Voilà! If everything occurred successfully, you should see…

Source data is valid!
Metadata is valid!
conversion_options is valid!
NWB file saved at /demo_neuroconv_docker/demo_output/spikeglx_from_docker_yaml.nwb!
Source data is valid!
Metadata is valid!
conversion_options is valid!
NWB file saved at /demo_neuroconv_docker/demo_output/phy_from_docker_yaml.nwb!

RClone With Config Docker Demo#

NeuroConv also supports a convenient Docker image for running data transfers via Rclone.

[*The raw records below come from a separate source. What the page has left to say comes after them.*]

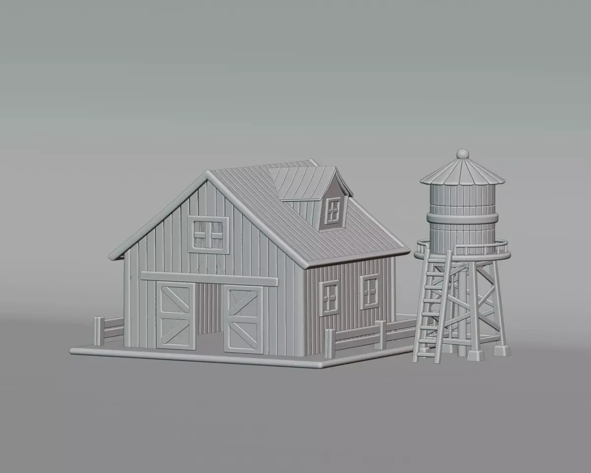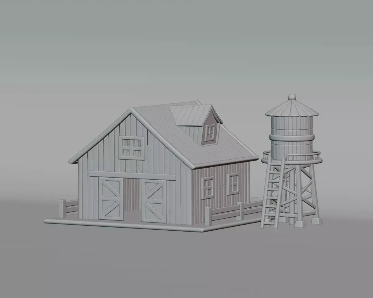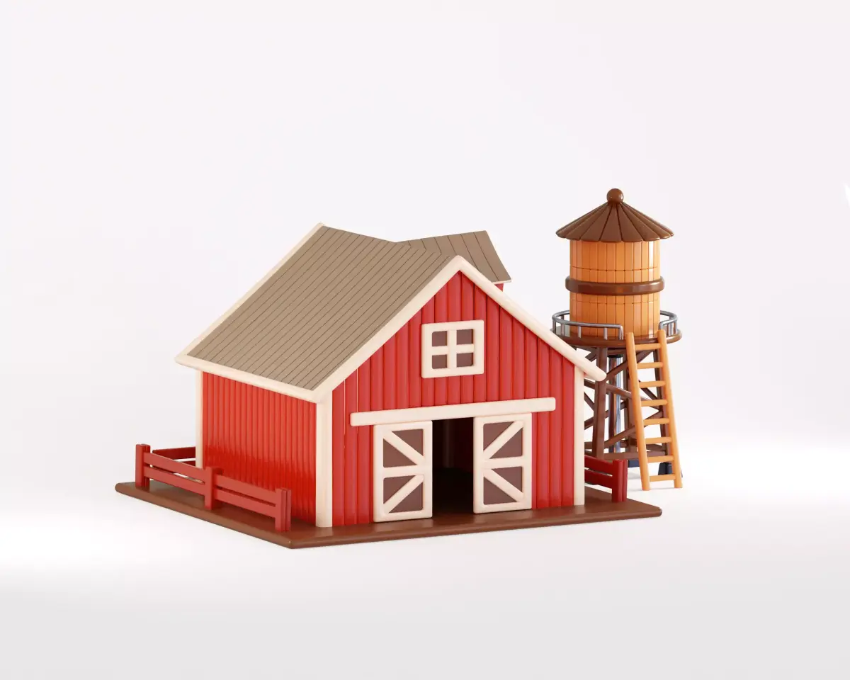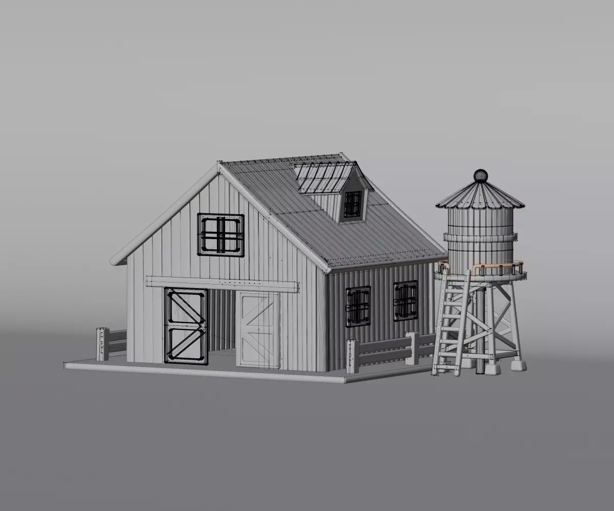 Highly detailed model of a modern Hybrid Barn with Water Tank.
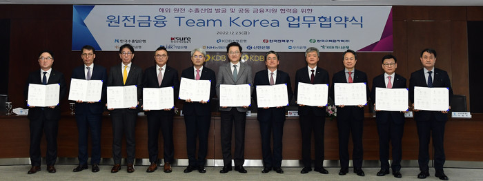 [시민일보 = 여영준 기자] 한국전력(이하 한전)과 한국수력원자력(이하 한수원)은 지난 23일 산업은행 본점에서 산업은행, 수출입은행, 무역보험공사 등 국내 정책·민간금융기관과 해외원전 수출사업 공동 금융지원 협력을 위한 '원전금융 Team Korea 업무협약(MOU'을 체결했다.
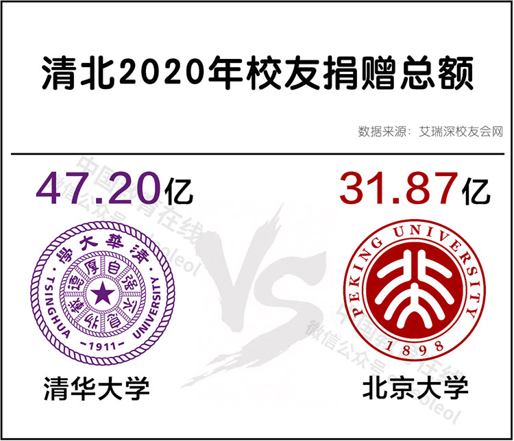 据艾瑞深校友会网统计,1980年至2020年6月,全国高校累计接收校友捐赠总额高达363亿元。2020年,清华大学、北京大学分获校友47.20亿、31.87亿捐赠,其中,清华大学打破中国大学校友捐赠总额最高纪录,这是中国大多学校难以想象的捐赠数额。
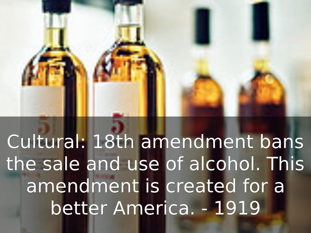 Cultural: 18th amendment bans the sale and use of alcohol. This amendment is created for a better America. - 1919
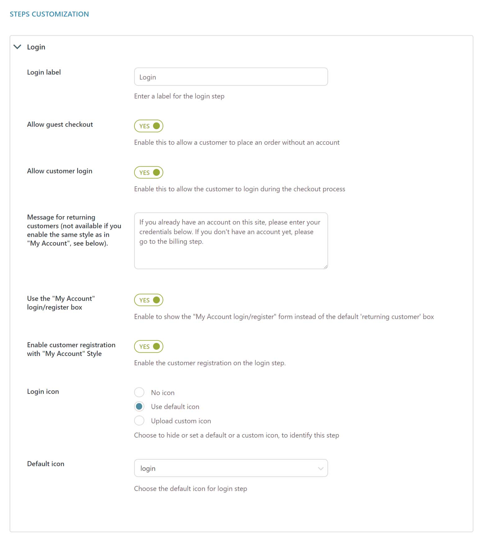 • Customize the message for returning customers in the “Login” step
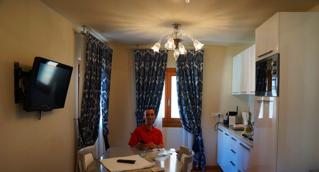 We thought our hotel would be nice, but you are never sure until you’re there. It turned out to be wonderful! It was an apartment with a room upstairs, a kitchen, and a living room. It was in fantastic condition, was on a quiet street, and overlooked a bridge and plaza.
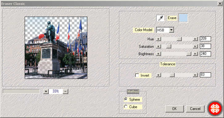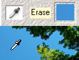 Eraser classic permet d'effacer aisément une couleur donnée. Une utilisation typique consiste à activer la pipette, sélectionner la couleur directement dans la fenêtre de prévisualisation, et de modifier la tolérance jusqu'à ce que le résultat soit satisfaisant.

To use this image, you must first configure the remote locally by calling:

rclone config

And following all interactive instructions (defaults are usually sufficient).

The Docker image requires two environment variables to be set (see Run Docker container on YAML conversion specification environment variable for more details in a related process).

  • RCLONE_CONFIG: The full file content of the rclone.conf file on your system. You can find this by calling rclone config file. On UNIX, for example, you can set this variable using RCLONE_CONFIG=$(<rclone.conf) from the folder containing the file

  • RCLONE_COMMAND: The Rclone command to run. For example, remote_name:source_folder destination_folder --verbose --progress --config ./rclone.conf, where remote_name is the name used during initial setup through rclone config, source_folder is the name of the folder you wish to transfer data from on that remote, and destination_folder is the local folder to transfer the data to.

Then, you can use the following command to run the Rclone Docker image:

docker run -t \
    --volume destination_folder:destination_folder \
    -e RCLONE_CONFIG="$RCLONE_CONFIG" \
    -e RCLONE_COMMAND="$RCLONE_COMMAND" \
    ghcr.io/catalystneuro/rclone_with_config:latest

This image is particularly designed for convenience with AWS Batch (EC2) tools that rely heavily on atomic Docker operations. Alternative AWS approaches would have relied on transferring the Rclone configuration file to the EC2 instances using separate transfer protocols or dependent steps, both of which add complexity to the workflow.